Brinker International (NYSE: EAT)
Founded by Norman Brinker in Dallas, Brinker International (NYSE: EAT) is a casual restaurant chain that operates the Chili’s, Maggiano’s Little Italy, and It’s Just Wings banners.
Brinker International reported revenues of $1.35 billion, up 18.5% year on year. This print surpassed analysts’ expectations by 1.3%. Aside from that, it was a satisfactory quarter as it also produced an impressive beat of analysts’ same-store sales estimates but full-year revenue guidance slightly missing analysts’ expectations.
Brinker International had the weakest full-year guidance update among its peers.
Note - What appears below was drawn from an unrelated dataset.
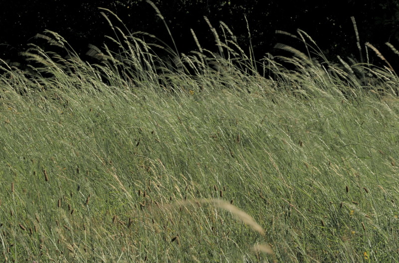 Plan fixe herbes sous le vent fort.
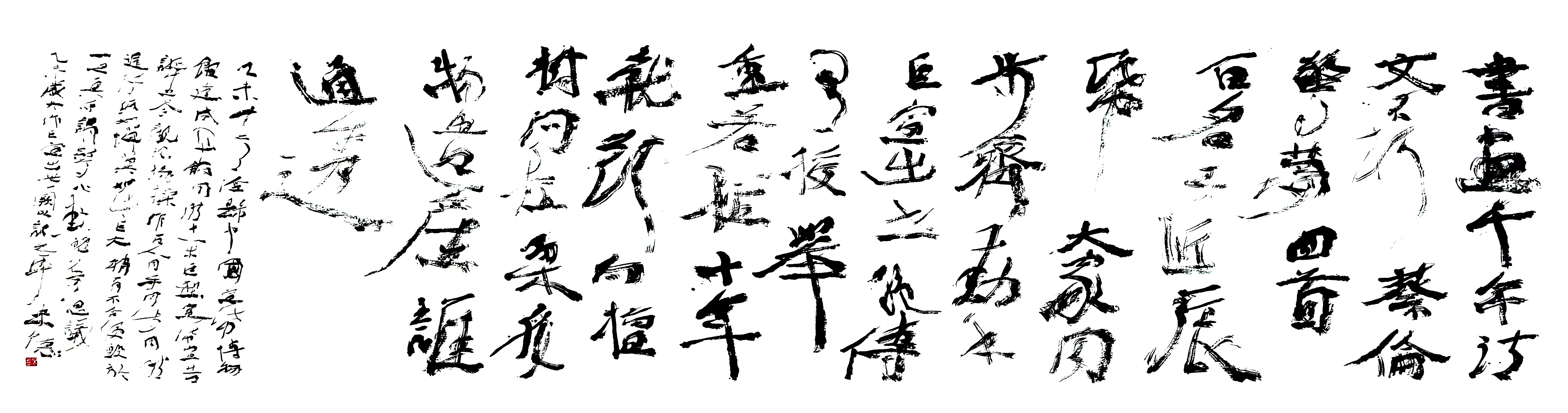 書(shū)畫(huà)千年,詩(shī)文不朽,蔡倫驚夢(mèng)回首。百名工匠一張紙,大家同步齊動(dòng)手。巨宣出世,絕傳有授,舉重若輕十年就。欲向檀樹(shù)問(wèn)輕柔,非物遺產(chǎn)誰(shuí)通透。 題識(shí):乙未十二月初,涇縣中國(guó)宣紙博物館建成開(kāi)館。同時(shí)十一米巨型宣紙宣告誕生。參觀現(xiàn)場(chǎng)操作,百人同手同步同時(shí)進(jìn)行,紙如蟬翼,如此巨大,稍有不合便毀于一旦。真所謂,驚心動(dòng)魄,不可思議!乙未歲冬,作巨宣出世一闕以記之耳,來(lái)德。

The stock is up 15.7% since reporting and currently trades at $143.71.
Read our full, actionable report on Brinker International here, it’s free for active Edge members.
Market Update
Thanks to the Fed’s series of rate hikes in 2022 and 2023, inflation has cooled significantly from its post-pandemic highs, drawing closer to the 2% goal. This disinflation has occurred without severely impacting economic growth, suggesting the success of a soft landing. The stock market thrived in 2024, spurred by recent rate cuts (0.5% in September and 0.25% in November), and a notable surge followed Donald Trump’s presidential election win in November, propelling indices to historic highs. Nonetheless, the outlook for 2025 remains clouded by potential trade policy changes and corporate tax discussions, which could impact business confidence and growth. The path forward holds both optimism and caution as new policies take shape.